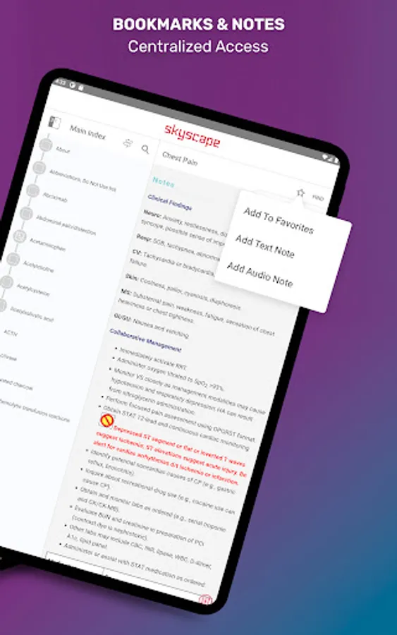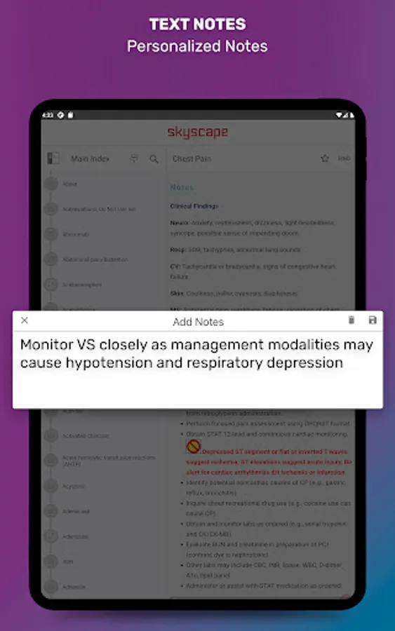 MedSurg Notes: Nurse's Clinical Pocket Guide app provides on-the-spot guidance that helps you identify and treat patients with urgent and common medical-surgical conditions. Each condition is in outline format and delivers all the current information you need to deliver the very best patient care.
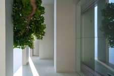 Thiết kế chung của ngôi nhà phảng phất những dấu ấn kiến trúc của Hà Nội thời Pháp thuộc, với mái ngói mũi hài và những ô cửa trong kính ngoài chớp. Thiết kế cửa này giúp ngôi nhà có thể trao đổi không khí với môi trường bên ngoài, lớp cửa kính giúp cách nhiệt mà vẫn lấy được ánh sáng, lớp cửa chớp giúp trao đổi không khí kể cả khi cửa được đóng lại.
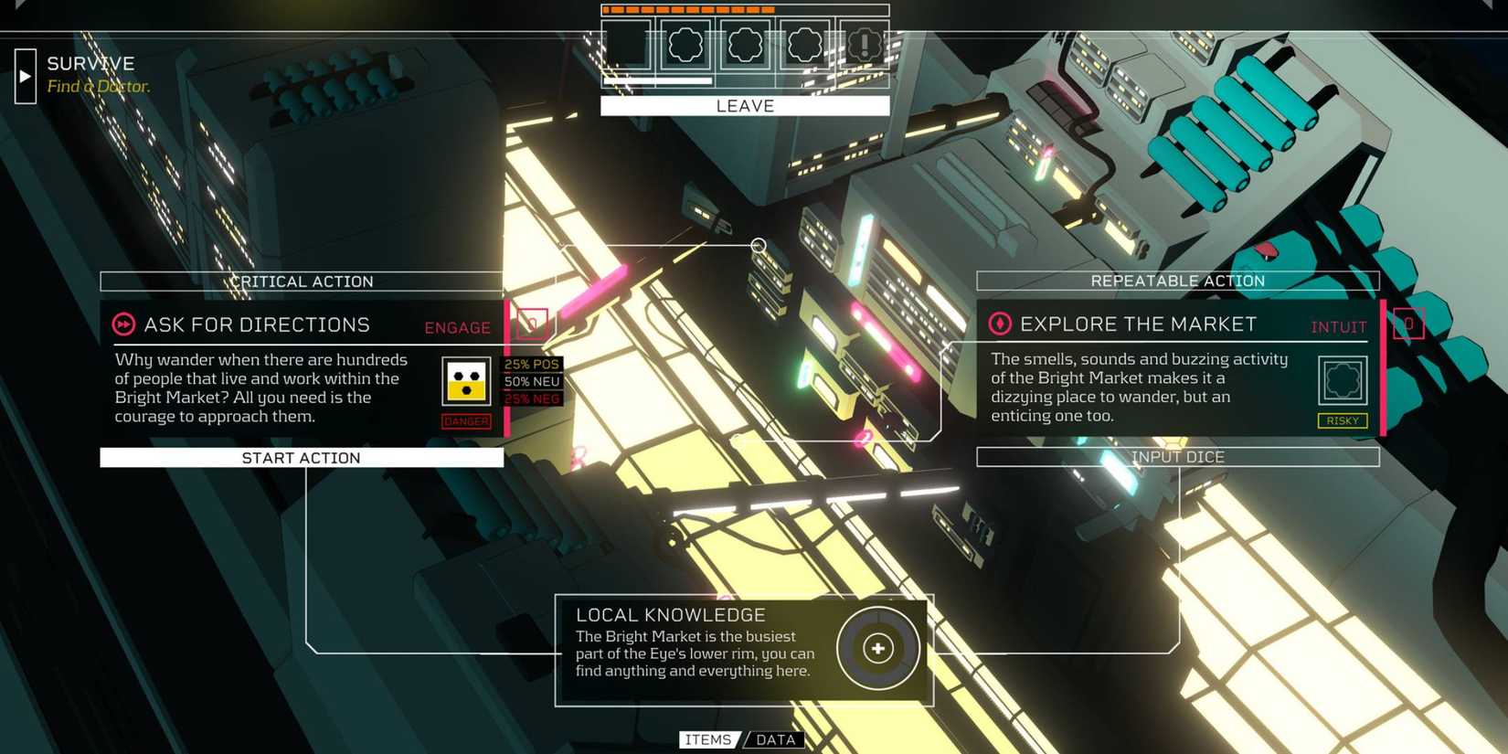 El jugador es libre de explorar la estación espacial, buscando soluciones a sus crecientes problemas. La estación está dividida en diferentes ubicaciones, y la mayoría requiere el uso de dados para activarse, cuyo éxito o fracaso depende de esos dados. La cantidad de dados disponibles está determinada por factores como el hambre y la estabilidad central, mientras que su efectividad está dictada por el número tirado en los dados al comienzo del ciclo. Es un acto de equilibrio complicado, con el núcleo infinitamente degradante que empuja al jugador a encontrar soluciones cada vez más desesperadamentecreando a menudo situaciones que parecen casi desesperadas.
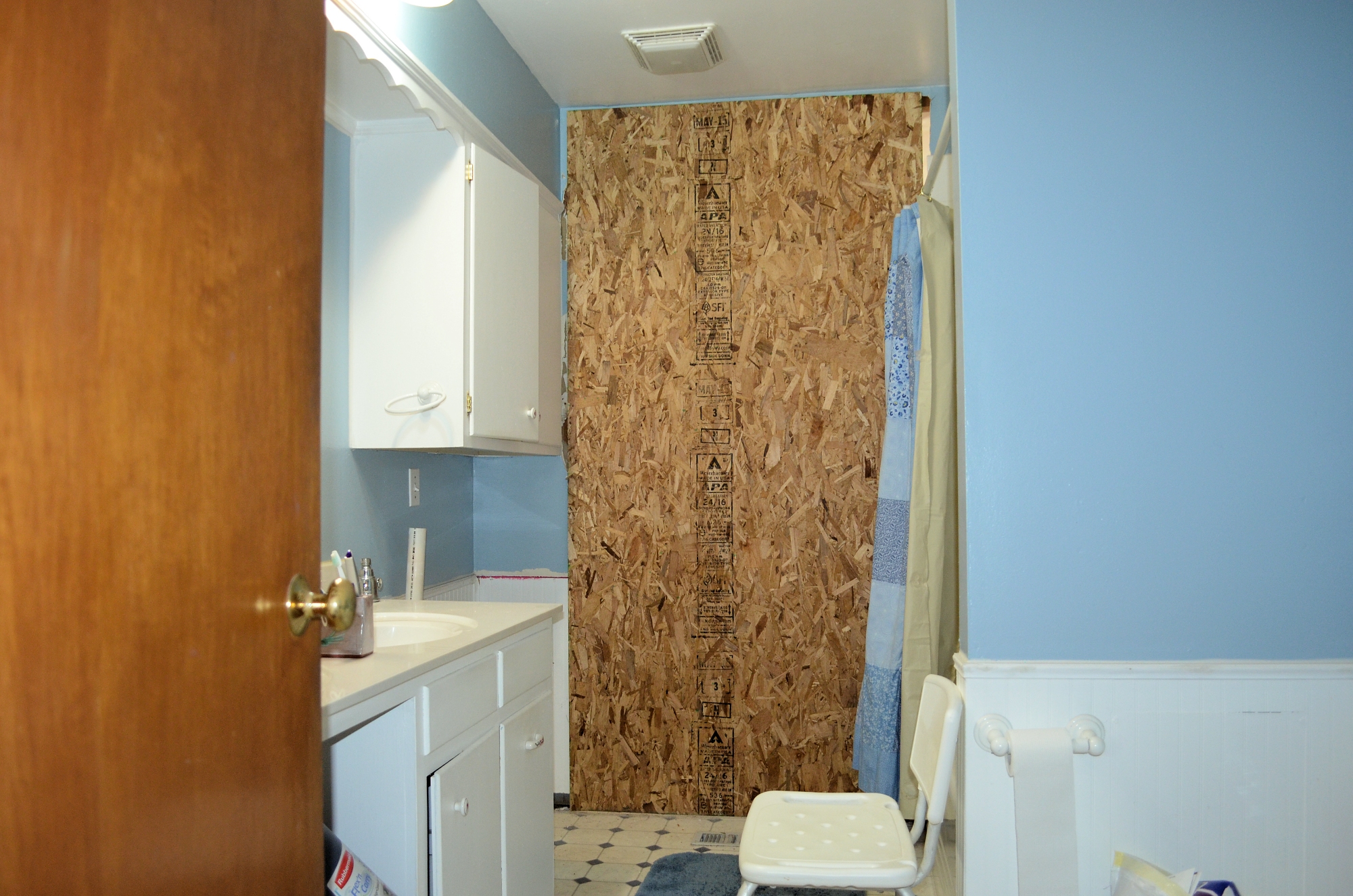 The south wall of our bathroom is gone, temporarily replaced with a lovely piece of OSB. Eventually, there will be an opening in this location that leads to our new shower room.
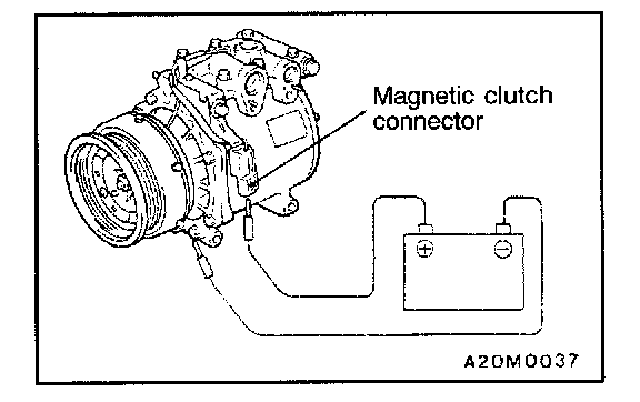 Connect the battery (+) terminal to the compressor side terminal, and ground the battery (-) terminal to the body of the compressor. The condition is normal if the sound of the magnetic clutch (click) can be heard.
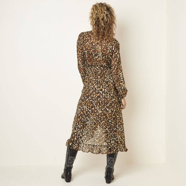 Jurk Flying Panther Long. Lange soepelvallende winterjurk met panterprint en gouden glitters. Heel leuk om te combineren met de Cardigan wrapped in het groen.
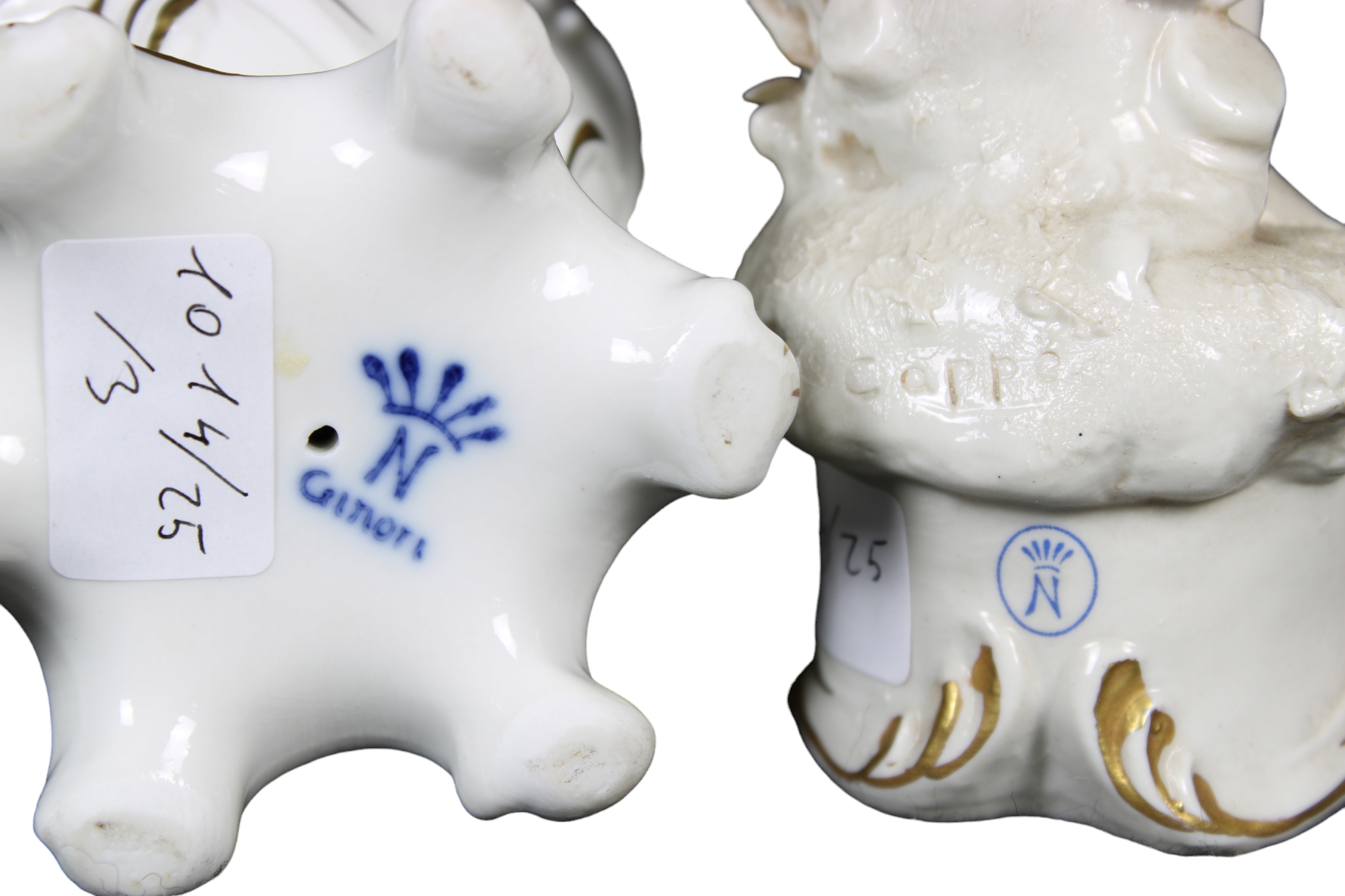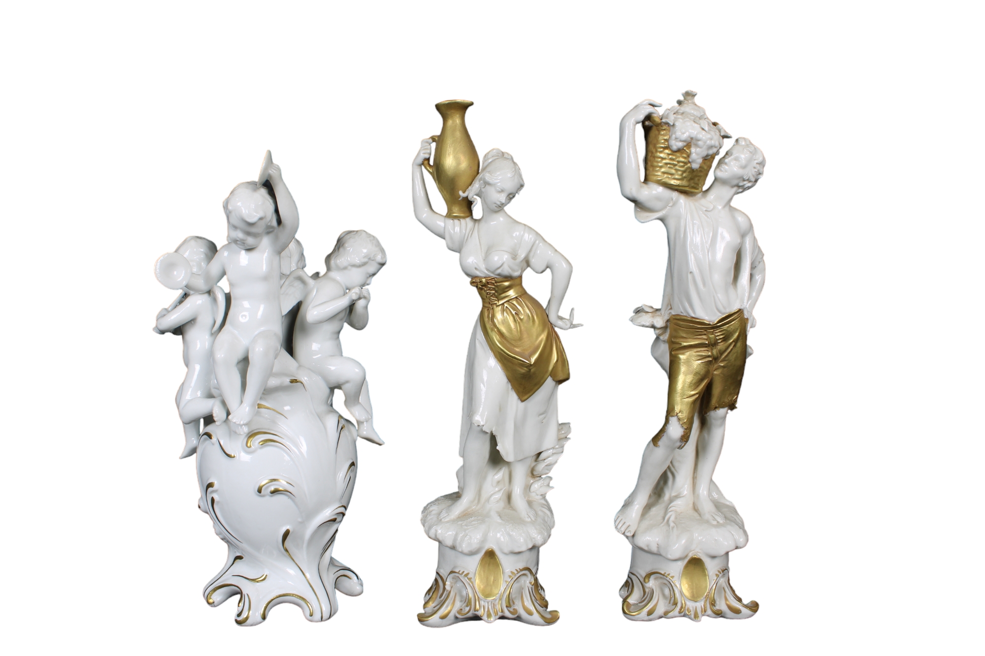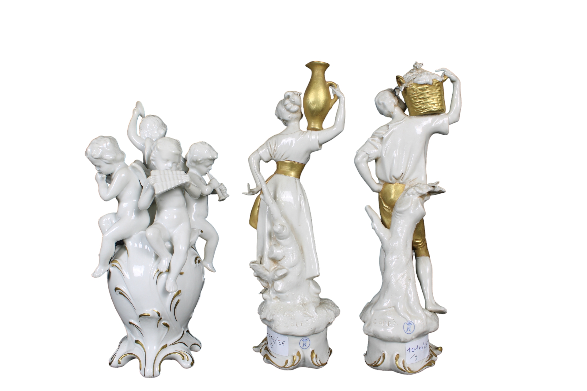LOTTO COMPOSTO DA 3 sculture in porcellana a fondo bianco e lumeggiature in oro manifattura Capodimonte Primi 900 h cm 23,5 / h cm 24 / h cm 21
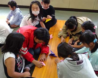 今の6年生も、1年生や2年生の時には、お兄さんお姉さんに教えてもらいながら鶴を折っていたのです。
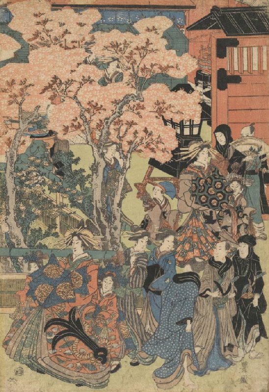 The Cherry Blossom Scenery in Shin'yoshiwara, central sheet of a triptych
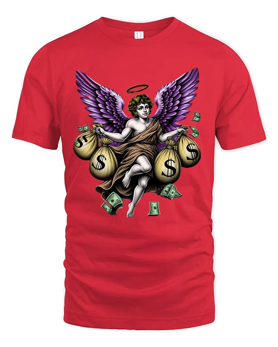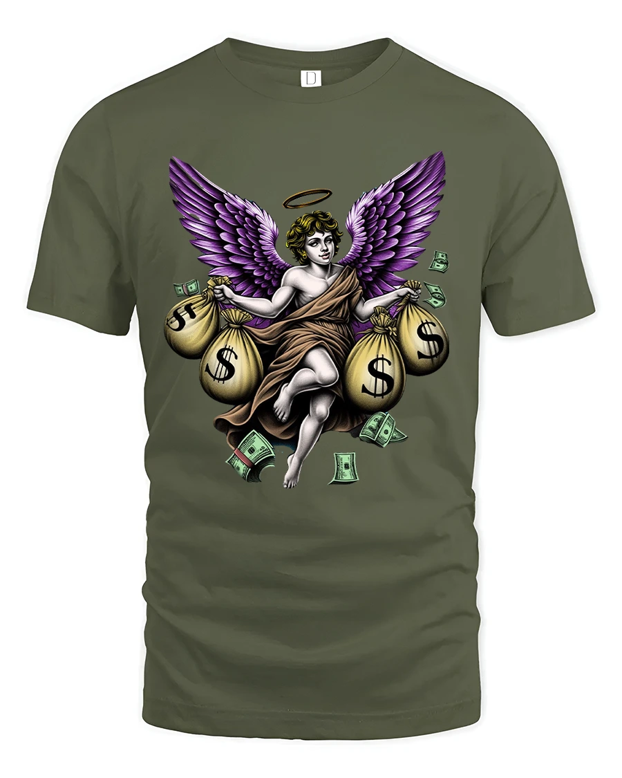 If you enjoy symbolic artwork, luxury inspired themes, and bold graphic designs, this money angel graphic t shirt is a powerful addition to your collection.
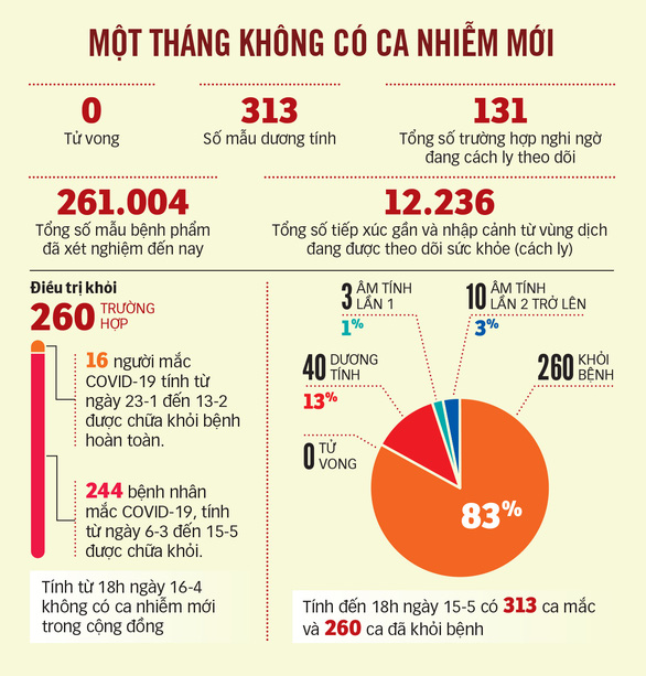 Nếu chiếu theo điều kiện, tính từ bệnh nhân ghi nhận gần nhất ở cộng đồng là bệnh nhân 268 (thực ra được cách ly từ ngày 7-4) là thừa thời gian để công bố hết dịch ở cộng đồng.

+++

- [TO DO]: From the line containing "Jurk Flying Panther" through the last line of the records, both included, output those lines exactly and nothing else; skip the pictures.

- [TASK OUTPUT]:
 Jurk Flying Panther Long. Lange soepelvallende winterjurk met panterprint en gouden glitters. Heel leuk om te combineren met de Cardigan wrapped in het groen.
LOTTO COMPOSTO DA 3 sculture in porcellana a fondo bianco e lumeggiature in oro manifattura Capodimonte Primi 900 h cm 23,5 / h cm 24 / h cm 21
 今の6年生も、1年生や2年生の時には、お兄さんお姉さんに教えてもらいながら鶴を折っていたのです。
 The Cherry Blossom Scenery in Shin'yoshiwara, central sheet of a triptych
 If you enjoy symbolic artwork, luxury inspired themes, and bold graphic designs, this money angel graphic t shirt is a powerful addition to your collection.
 Nếu chiếu theo điều kiện, tính từ bệnh nhân ghi nhận gần nhất ở cộng đồng là bệnh nhân 268 (thực ra được cách ly từ ngày 7-4) là thừa thời gian để công bố hết dịch ở cộng đồng.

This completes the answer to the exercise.